Viele IV-Gutachten nicht von Hand unterschrieben
Selten hat ein Unternehmen das Bundesparlament so häufig beschäftigt wie die IV-Gutachterstelle PMEDA: 39 Vorstösse und Fragen stellten Politiker seit 2020 zur Ärztefirma aus Zürich. Zudem hält diese auch die Strafbehörden auf Trab: Die deutsche Steuerfahndung transportierte Lastwagen voll mit Akten der Firma in der deutschen Kleinstadt Wolfenbüttel ab. Der Verdacht: Steuerhinterziehung. Die Schweizer Behörden haben sich bisher nicht dazu geäussert, ob und warum PMEDA vertrauliche Patientenakten aus der Schweiz im Ausland wahrscheinlich bearbeitete, sicher aber aufbewahrte.
Gutachten für 27 Millionen Franken
Doch von vorne. Die Geschichte der PMEDA begann im Jahr 2013. Gründer ist der deutsche Neurologe Henning Mast, Sohn des ehemaligen Jägermeister-Chefs Günter Mast. Die Ärztefirma mit offiziellem Sitz in Zürich erstellte sodann reihenweise medizinische Gutachten für die Invalidenversicherung. Solche brauchten die kantonalen IV-Stellen häufig, um aufgrund dieser Gutachten über Anträge für IV-Renten zu entscheiden. Im Zeitraum von 2013 bis 2022 zahlte die IV der PMEDA für Gutachten insgesamt 27 Millionen Franken.
Es dauerte nicht lange, bis PMEDA die Gerichte beschäftigte. Denn in den schriftlich verfassten Gutachten tauchten Unregelmässigkeiten auf. So wurden etwa Tests erwähnt, von denen Betroffene sagten, sie hätten gar nie stattgefunden. Von Versicherten gemachte Aussagen wurden ins Gegenteil verkehrt. Beispielsweise wurde aus «Ich schlafe nur mit Stilnox und Redormin» im Gutachten der Hinweis «schläft aktuell meist durch.» Und statt knapp 40 Minuten dauerte ein Untersuchungsgespräch in den Akten plötzlich 90 Minuten.
Pixelgenau identisch
Nun zeigen Dokumente, die Infosperber vorliegen, dass einige der Gutachten auch grundlegenden formalen Anforderungen nicht genügten. So waren sie nicht einmal handschriftlich unterzeichnet. Infosperber hat die Unterschriften des PMEDA-Gründers Henning Mast aus mehreren Gutachten der Jahre 2013 bis 2016 miteinander verglichen. Diese sind pixelgenau identisch. Selbst mit sehr viel Mühe dürfte das von Hand nicht zu bewerkstelligen sein. Kommt dazu, dass sich die Signatur von Mast aus nachweislich handschriftlicher Unterschrift sichtbar unterscheidet (siehe Bild).

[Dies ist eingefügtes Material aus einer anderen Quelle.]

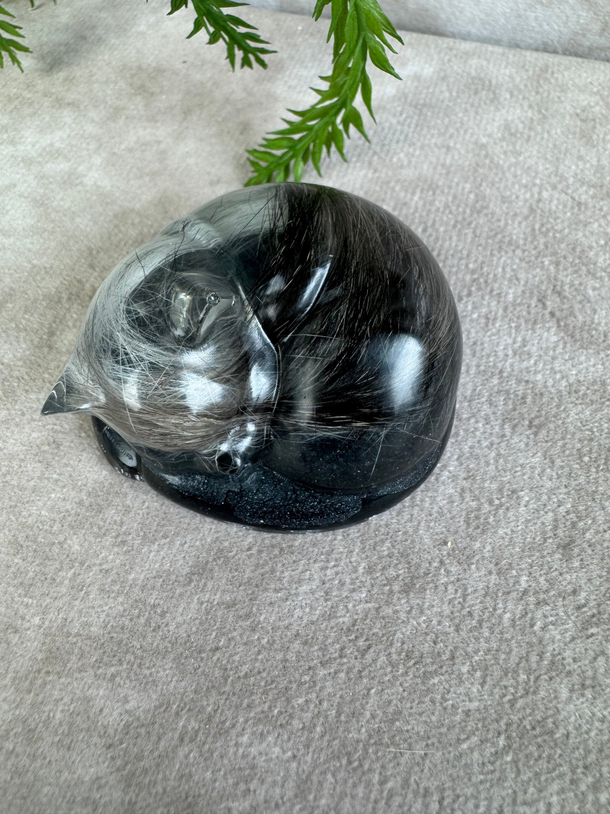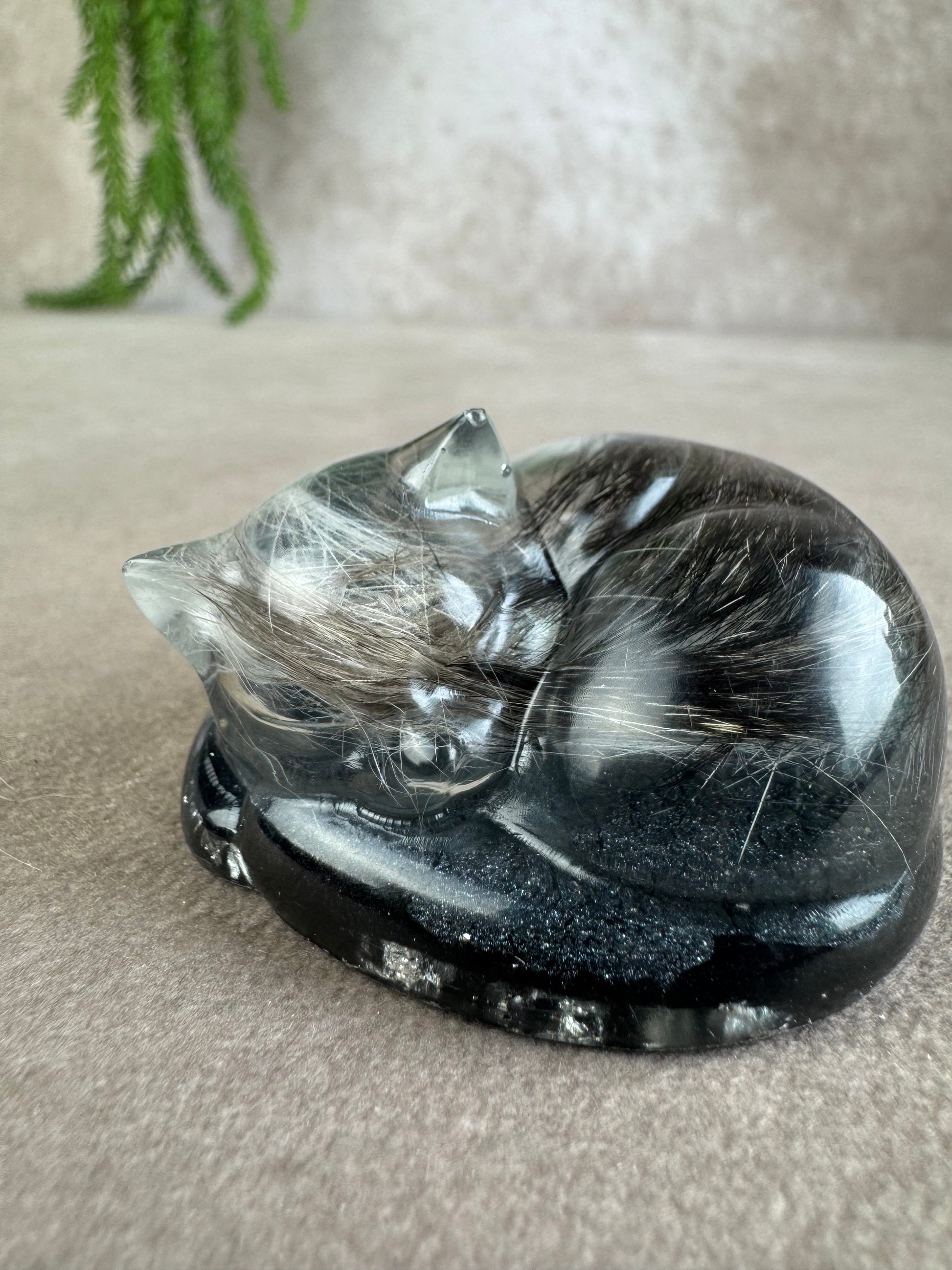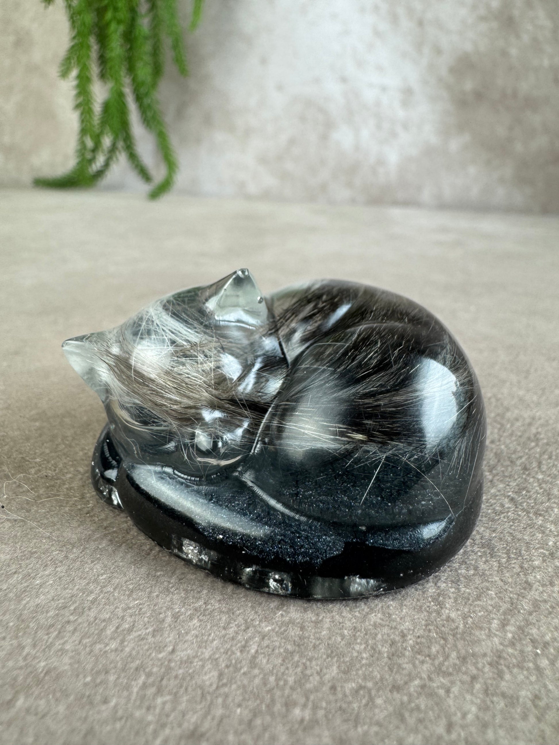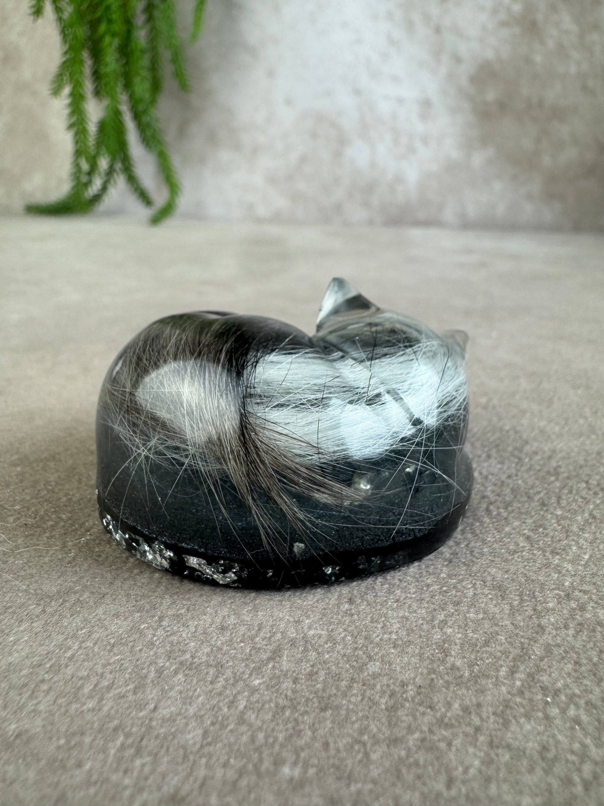 Dit schattige liggende epoxy katje van ongeveer 8 cm lang wordt volledig op maat en naar wens gemaakt. Elk detail kan worden toegevoegd van haren, as of tandjes tot kleine persoonlijke herinneringen zodat het een waardevol en tastbaar aandenken wordt.

![Unterschriften_Henning_Mast](https://www.infosperber.ch/wp-content/uploads/2025/02/Unterschriften_Henning_Mast.png)
Daraus kann man schliessen, dass die PMEDA manche Unterschriften in den Gutachten eingescannt hat. Es war jedoch der PMEDA erst ab Oktober 2016 erlaubt und möglich, Gutachten elektronisch zu unterschreiben.
Die Erkenntnisse passen zu den Recherchen des deutschen Recherchekollektivs correctiv. Dieses zitierte eine Quelle aus dem nahen Umfeld des PMEDA-Gründers Henning Mast mit den Worten, eine Sekretärin der Firma habe die Gutachten aufgrund der Untersuchungen der Ärzte «zusammengeschrieben».
Ob dieser schwerwiegende Vorwurf, über den auch SRF berichtete, zutrifft, darüber könnten dereinst Gerichte befinden. Verschiedene Strafverfahren laufen. PMEDA-Gründer Henning Mast reagierte nicht auf eine Kontaktaufnahme des Infosperbers. Es gilt die Unschuldsvermutung.
Tausende Versicherte betroffen
Die Geschäftstätigkeit der PMEDA ist nach zwölf turbulenten Jahren zu Ende. Die Firma befindet sich derzeit in Liquidation. Doch nun läuft die Aufarbeitung auf Hochtouren. Zahlreiche Versicherte, die von Ärzten der PMEDA gesund geschrieben wurden und deshalb keine IV-Rente erhielten, verlangen eine Neubeurteilung. Insgesamt hat die Firma seit 2013 schätzungsweise 8000 Personen begutachtet.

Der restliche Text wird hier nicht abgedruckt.